Every time I think I've thought my ideas through to the minute detail, someone comes along and shatters that illusion. I'll never forget that some of my first communications with halloween-l members Denny Dahm and Bill Lewis centered on an illusion I borrowed from Morris's How To Build A (Financially) Successful Haunted House; namely, the "Vampire Mirror." Though I did not construct the set, I lent ideas to those that did. What was accomplished was amazing given the tight budget (but what a motivated team I had! :-). We had people standing and gaping at the effect in awe that night.

The bottom line is that it is difficult for any one person to give full consideration to the hundreds of details that need to be addressed when producing a haunted attraction. Creative thinking is not the domain of the artist. Anyone with prodding and encouragement can be a creative thinker. It is much more difficult to execute. I (for all the art training I ever had) can not illustrate my way out of a paper bag. I have a fair sense of design, or so I've been told. These days, my artistic diversion consists of dreaming up the next haunt I produce.

When all is said and done, whatever I accomplish is in no small part due to the input of friends and family - and the haunting community that has come before me as well as those who are my contemporaries.

Always keep your eyes, ears, and mind open to new possibilities. Keep plugging away. Don't be afraid to start from scratch if that's what it takes.

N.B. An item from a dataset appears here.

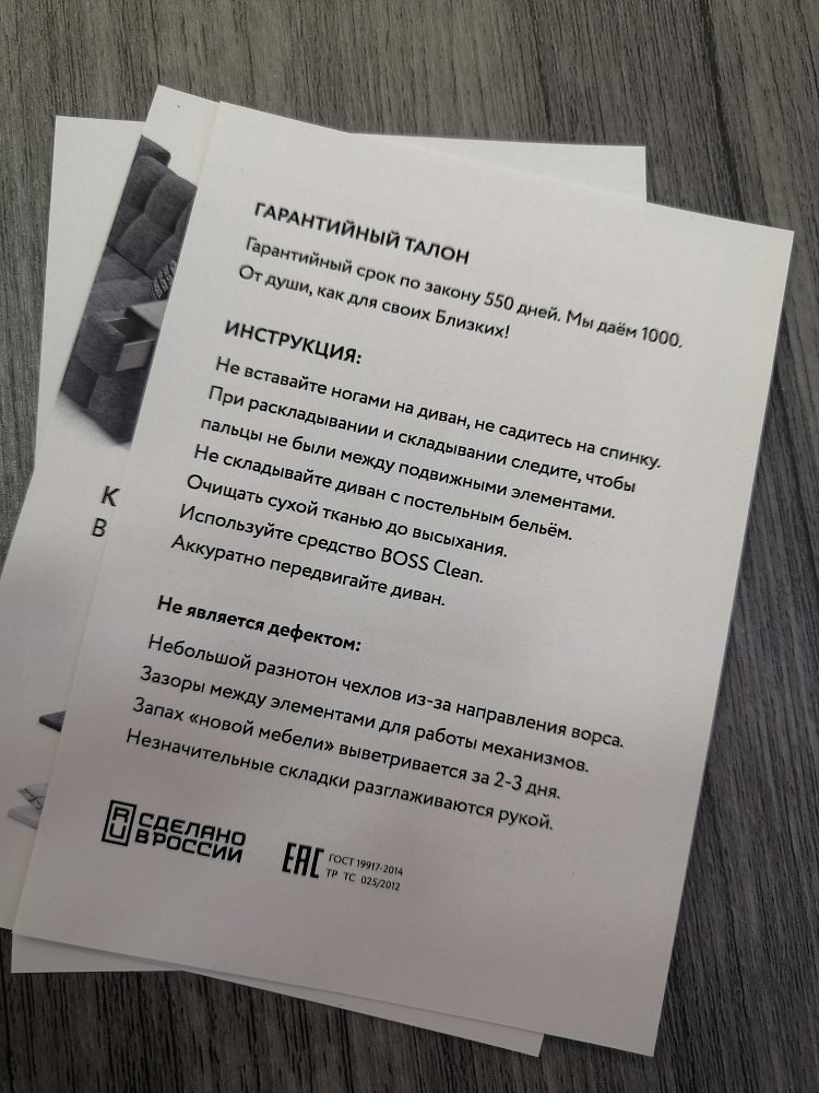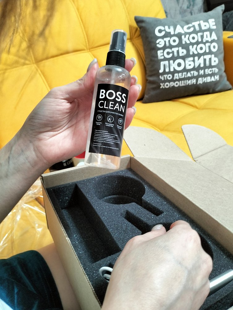 Покупая диван BOSS.XO вы становитесь обладателем уникальных подарков: быстрая зарядка для смартфона, 2 стильных кружки, 2 удобных столика для ноутбука, 2 подушки, комплект запасных накладок на подлокотники, Фул экоручки и средство для чистки Босс Клин.Преимущества материала
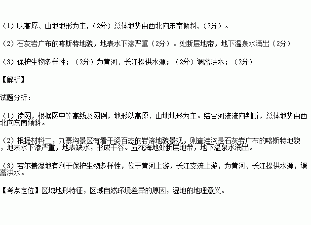 材料三 左图为若尔盖湿地周边示意图,右图为九寨沟景观分布图。

And always - keep up the good work.


Recommended Reading:

  • Tim Burton's Nightmare Before Christmas:The Film, The Art, The Vision
    by FrankThompson Hyperion
  • The World of Animation Kodak Publication No. S-35
    Kodak Motion Picture and Audiovisual Markets Div.
  • Chuck Amuck: The Life and Times of an
    Animated Cartoonist by Chuck Jones Avon Books
  • Of Mice and Magic: A History of American
    Animated Cartoons by Leonard Maltin Plume Books
  • How To Build A Portable Modular Dark Attraction(A Haunted House)
    by J. B. Corn JBC Productions
  • The Monster Show: A Cultural History of Horror
    by David J. Skal W.W. Norton & Company
  • Scene Design and Stage Lighting (3rd Ed.) by
    W. Oren Parker and Harvey K. Smith Holt, Rinehart & Winston, Inc.